Extracted entries Block Start

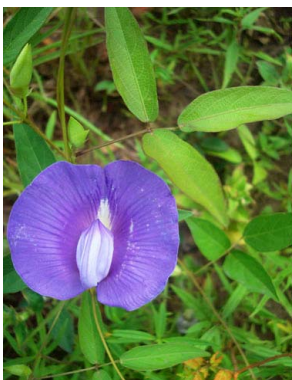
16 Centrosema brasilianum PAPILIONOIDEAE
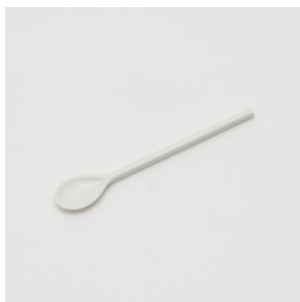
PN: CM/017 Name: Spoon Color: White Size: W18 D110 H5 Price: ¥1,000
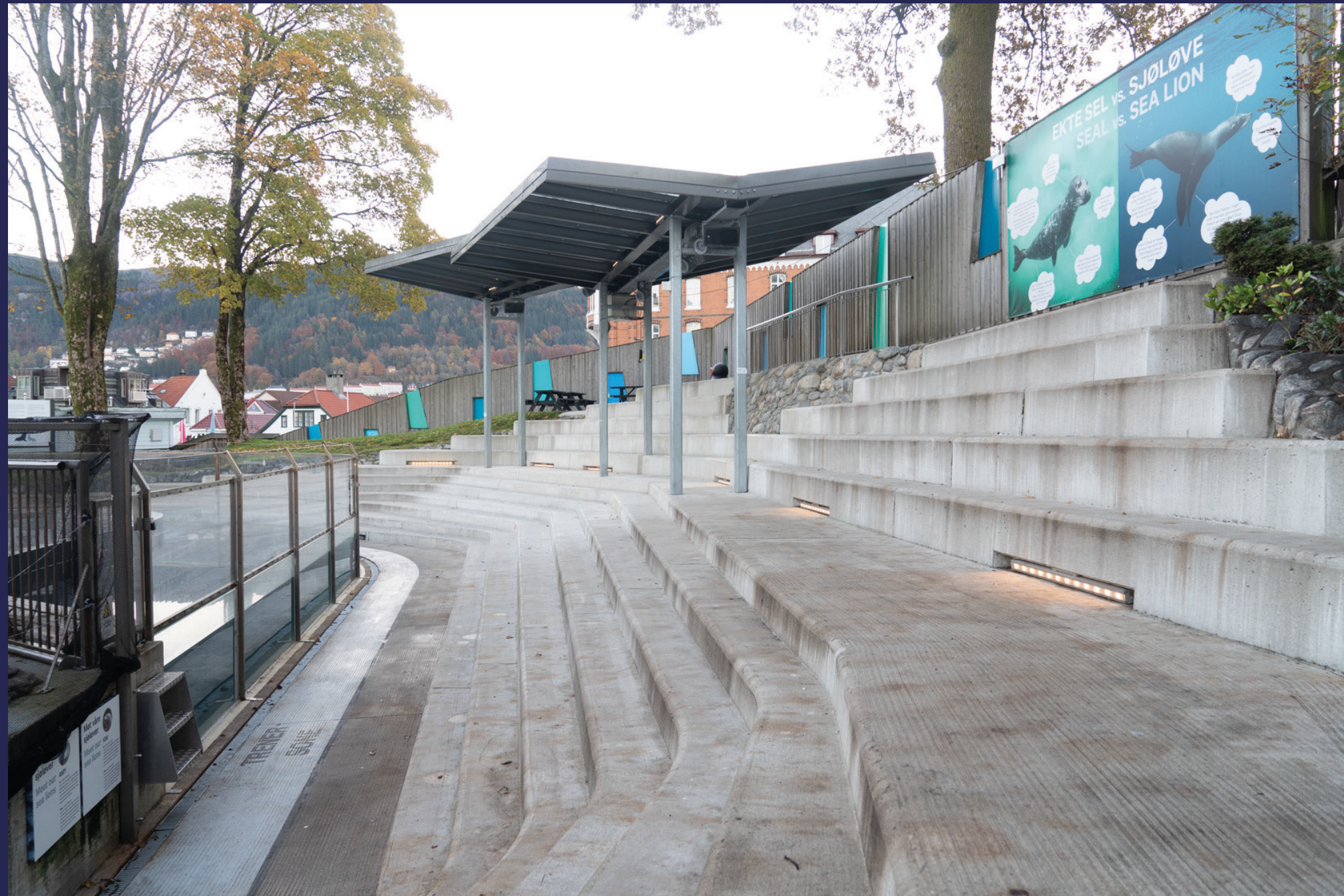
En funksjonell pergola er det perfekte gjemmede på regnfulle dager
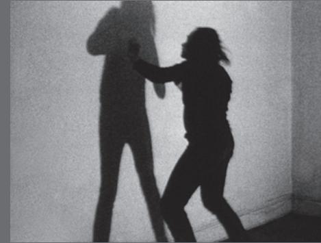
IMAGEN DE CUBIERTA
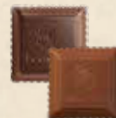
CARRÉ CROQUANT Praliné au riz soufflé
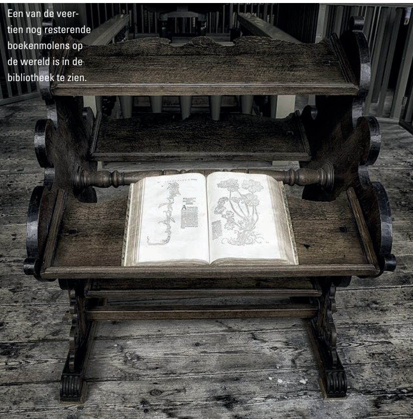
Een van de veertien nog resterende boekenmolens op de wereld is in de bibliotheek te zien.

Extracted entries Block End

__About this task__
Word for word, restate the lines from the line with "PN: CM/017 Name: Spoon" through the last line of the entries, and nothing beyond them. Omit pictures.

__Task response__
PN: CM/017 Name: Spoon Color: White Size: W18 D110 H5 Price: ¥1,000
En funksjonell pergola er det perfekte gjemmede på regnfulle dager
IMAGEN DE CUBIERTA
CARRÉ CROQUANT Praliné au riz soufflé
Een van de veertien nog resterende boekenmolens op de wereld is in de bibliotheek te zien.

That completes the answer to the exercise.